In 1940, Sarah Alfenbein, her daughter Hanna and son Meir (a neighboring Jewish family from the same village of Czerna) escaped from the Płaszów concentration camp and asked the Garbulińskis for help and shelter. Before arriving at the farm, they hid at the nearby home of Stanisław Owce. The Garbulinskis took the Jews in, and cared for them for the next two years.

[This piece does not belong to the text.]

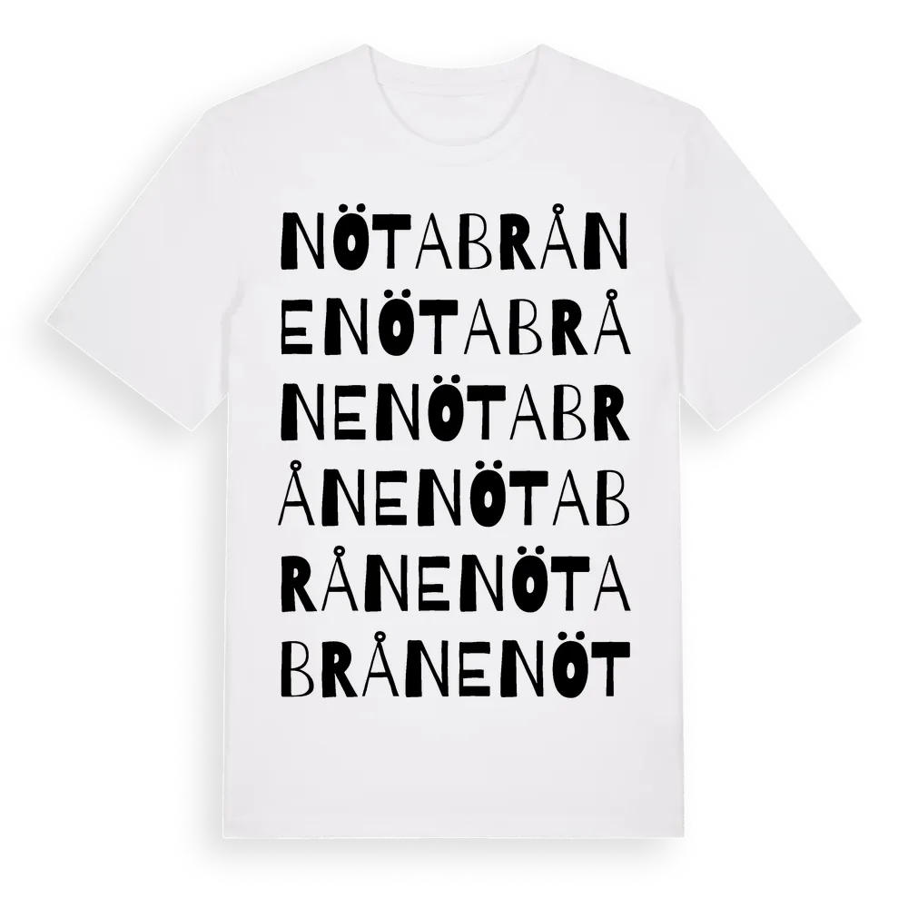 Nötabråne ordlek t-shirt är inspirerad av byn Nötabråne i Blekinge län, Sverige. Tröjan är designad för dig som har en speciell koppling till platsen – oavsett om du bor här, har rötterna här eller bara älskar Nötabråne.
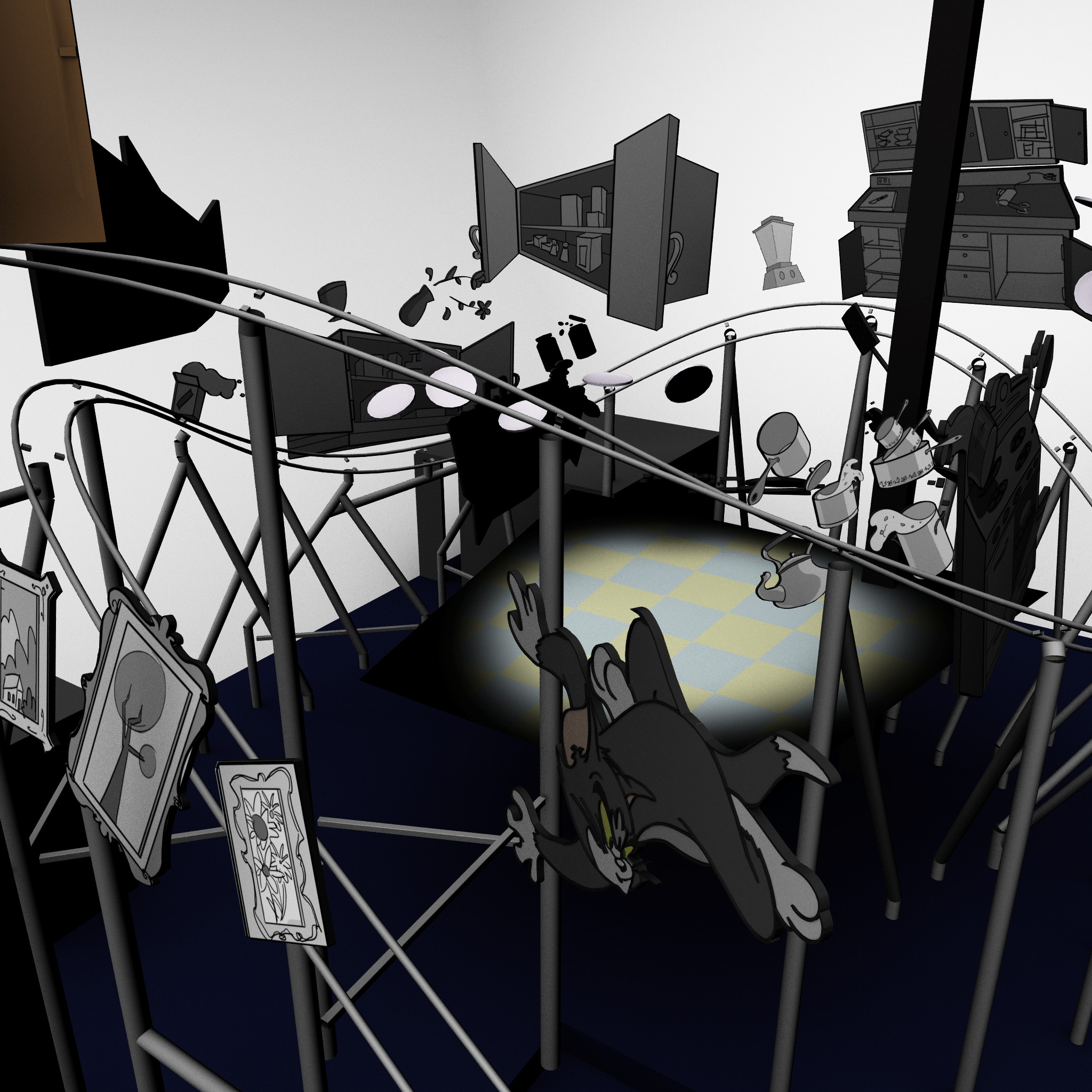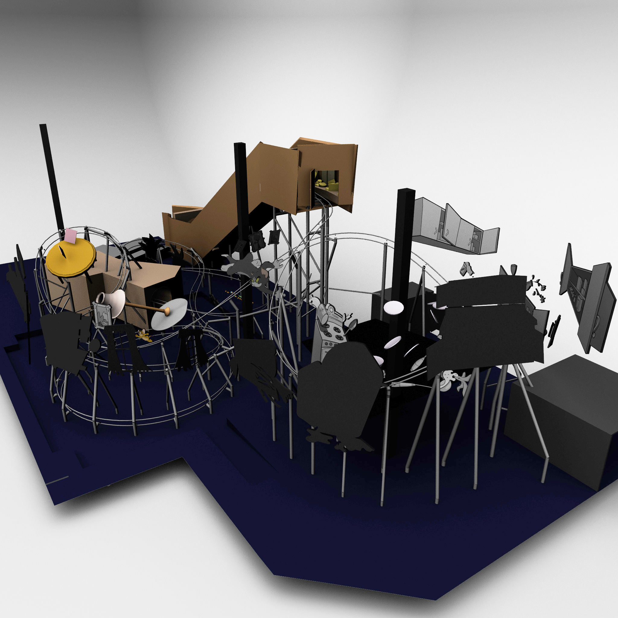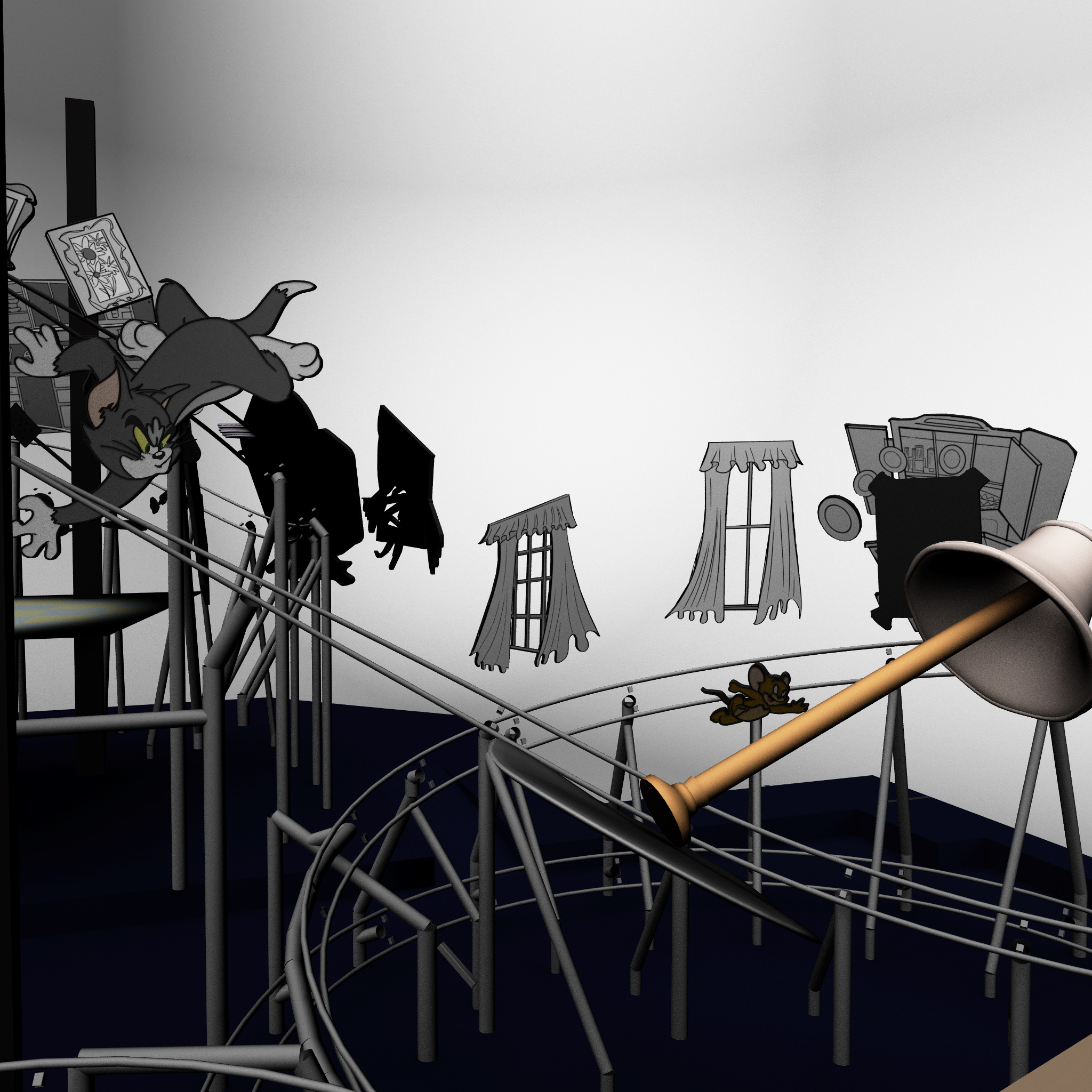 While at Thinkwell, I was a part of the team responsible for creating and developing designs for the Cartoon Junction. We worked on the Tom and Jerry attraction, which is an indoor roller coaster. I worked with the technical department over the Reach Envelope study, and object/prop placement.

In late 1943, the Gestapo gendarmerie came to the village. As they headed for the farm, Andrzej Garbuliński asked the Alfenbeins to run. However, they were spotted in a field while escaping. The mother and son were killed on the spot. The daughter Hanna managed to keep running, chased by the Germans, until she too was murdered. Andrzej Garbuliński and his son Władysław were immediately arrested and taken to the Jasło prison. The father was sentenced to death and executed there. Władysław was transferred to a separate prison where he was also killed. Eleonora, Helena, Kunegunda, Marian, Stanisław, Kazimierz and Jan Garbuliński survived the war.

In 1997, the Garbuliński family and Stanisław Owca were recognized as Righteous Among the Nations by Yad Vashem in Jerusalem for their daring attempt at saving a Jewish family from the Holocaust; Andrzej and Władysław, for giving their lives in the process.